TONIGHT at Fenway Park, the Boston Red Sox will set a remarkable record - 500 consecutive sold-out games.

Only three other professional teams in sports history have achieved more, and they were all NBA teams who play shorter seasons in smaller venues.

So it is time to give credit where credit is due, particularly when it wasn’t so long ago that a lot of people in this town were upset that the Red Sox were being sold to “out-of-towners.’’

The truth is that had it not been for the ownership group of John Henry, Tom Werner, and Larry Lucchino, and the remarkable team they put together both on the field and in the front office, it is highly unlikely that Boston would be celebrating this achievement tonight.

In fact, today you would be hard pressed to find anyone willing to say that selling the Sox to the Henry, Werner, and Lucchino group was a bad idea.

Those sold-out games are no accident. Recruiting a top-notch manager, putting together a first-class ball club, and building a superb farm system have had a lot to do with it. Two world championships in three years can do wonders for a fan base that suffered for a long, long time. I know. I attended my first Red Sox game in 1938 at the age of 4 1/2, and Lefty Grove was pitching!

But the new Red Sox owners did two other things that I believe have had a lot to do with those capacity crowds at Fenway.

First, they had the good sense to reexamine fundamentally the previous owners’ decision to tear down Fenway and replace it with a phony version of the real thing. There weren’t a lot of us at the time who opposed that decision except for a courageous band of fans who called themselves the Save Fenway group. Massachusetts, which to its credit had never put a dime of the taxpayers’ money into a professional sports team, committed both itself and the City of Boston to hundreds of millions of dollars in public subsidies for the proposed new ballpark.

Fortunately, the new ownership group understood what many native Bostonians did not - that we had a jewel of a ballpark that, with some tender loving care, could both expand the number of seats and preserve its special history and atmosphere in a way that almost no other major ballpark has been able to do. The results have been spectacular. The cost is a fraction of what the new ballpark would have entailed, and the experience of watching a ballgame at Fenway is as good as anyone could possibly enjoy.

Secondly, they have turned the Red Sox into one of our best and most important civic institutions.

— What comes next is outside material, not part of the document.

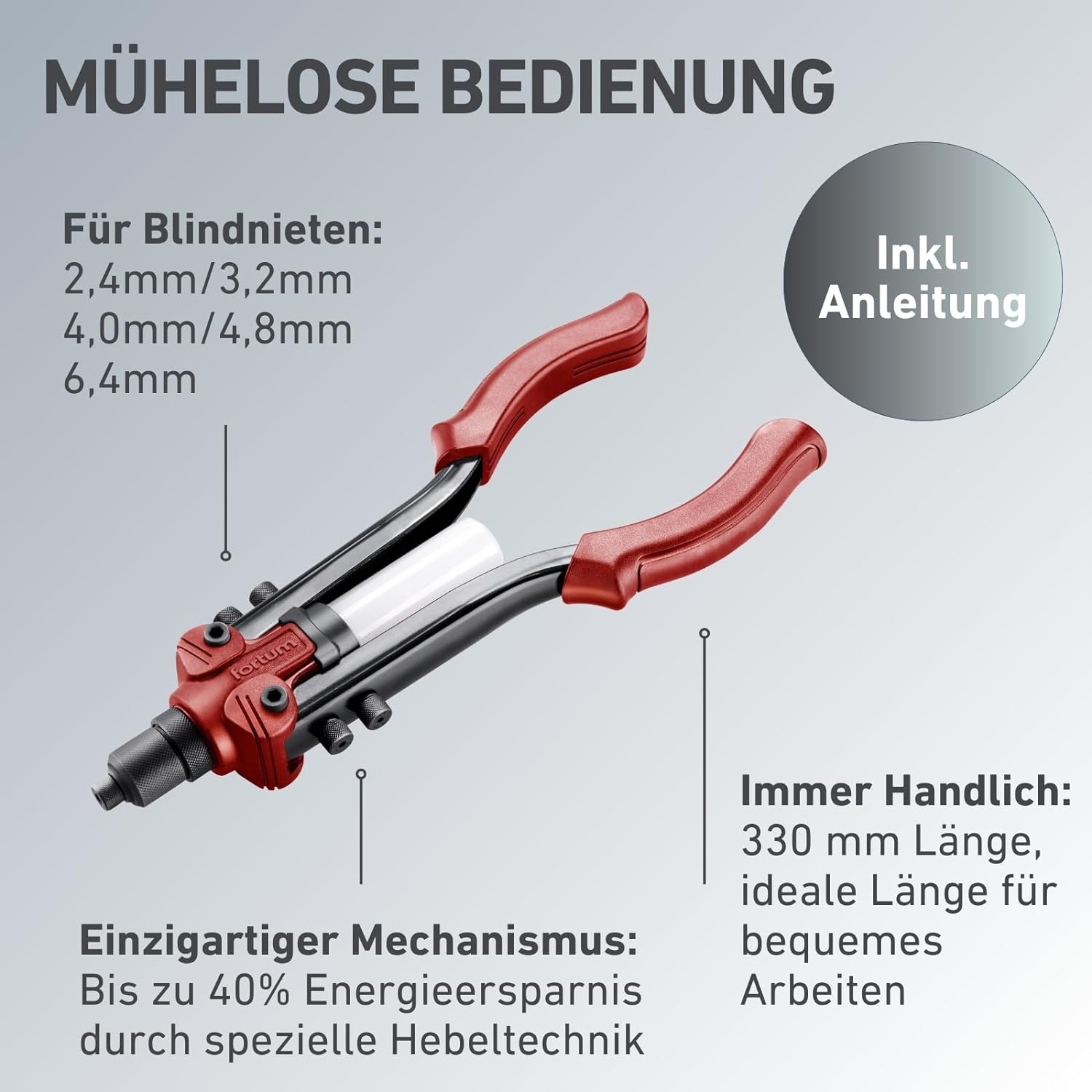 - HEBELWIRKUNG - Die Länge der Gewindenieten-Zange von 330mm & der längere Griff führen zu einer erhöhten Hebelwirkung. Das verringert den geforderten Kraftaufwand.

Since 2002, the Red Sox Foundation has contributed more than $30 million to important charitable causes in and around Boston. The Jimmy Fund has always been a Red Sox favorite, but the Red Sox Scholars program, the Dimock Community Health Center in Roxbury, and athletic programs for children in Greater Boston have all benefited from an expanded notion of what the Red Sox mean to this community.

Nobody can tell us at this point in the season whether the Sox will be hoisting another world championship banner at Fenway in October. But we know that we are already on track to another exciting season, and that thanks to a bunch of out-of-towners, the Red Sox have set the standard for civic and community engagement for the nation’s professional sports teams.
Michael Dukakis is the former three-term governor of Massachusetts and now a professor at Northeastern University.